Santiago Ramón y Cajal, like Hooke and Haeckel, drew structures related to what he saw through the microscope, often in the form of analytical studies of synaptic connections whose functional implications led him to develop the Neuron Doctrine [Drawing the Nervous System]. D’Arcy Thompson’s drawings of topological transformation promote physical laws as determinants of biological form and structure, an alternative model to natural selection in species development [Growth, Form and Structuralism]. Associating these modes of representation in biology to drawing conventions in architecture, Cajal’s work combines the functional diagram with the detail section, while Thompson uses the diagram as an operational drawing.

Gyorgy Kepes re-established the relationship between scientific investigation and artistic expression on the cusp of the digital revolution by correlating scientific imaging with contemporary abstract art [New Landscape in Art and Science]. Frei Otto devised open taxonomies for ‘natural structures’ and included in this category procedurally optimized engineering systems for which he built analog computation models [Natural Models and Lightweight Structures]. Buckminster Fuller developed – along with his part-to-whole concept of energy and synergy –a geometrical system of tetrahedron and octahedrons. It became the basis for the geodesic dome, which, as was later discovered, resembled the molecular structure of the fullerene [Synergetics and Fullerenes]. He related his studies on tension networks to radiolaria in order to understand the properties of ‘skeletal’ structures. Robert Le Ricolais like Haeckel, studied radiolaria, and like Fuller, was interested in the tensional integrity of such natural structures, which inspired his tensegrity models and space frame structures [Experiments in Structure]. Anne Griswold Tyng related morphology and geometry, specifically the study of platonic form to human consciousness, and wrote extensively on gender issues in architecture [Anatomy of Form].

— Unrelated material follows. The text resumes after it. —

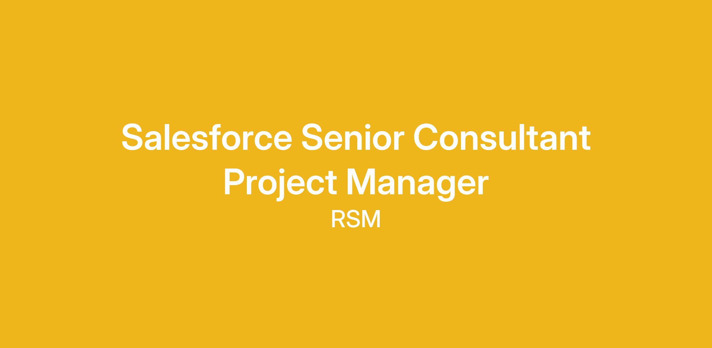 We are looking for a seasoned program/project management professional to join our Salesforce consulting team. You will be working with RSM consultants and clients utilizing your project management knowledge, expertise, and talent to provide project management oversight to small and large-scale Salesforce implementations. The project management oversight will enforce project timeline and budget adherence, resulting in increased client satisfaction, improved delivery and implementation practices and project profitability. Experience with CRM implementations and Salesforce specifically is an important element of this position.

Christopher Langton defined Artificial Life as ‘life as it could be’ and attempted to expand the field of biology beyond carbon based organisms to include human initiated living systems and synthetic natures [Artificial Life]. Aristid Lindenmayer developed a formal system for rewriting strings of symbols that describe the developmental processes of plant structures and their behaviors [Synthetic Plants]. Stephen Wolfram ran cellular automata to show that computation must be explored experimentally, and that we could compute the physical universe if we only had enough CPU power [New Kind of Science]. Benoit Mandelbrot developed a theory of self-similarity in natural systems and coined the term “fractal” [Geometry of Roughness].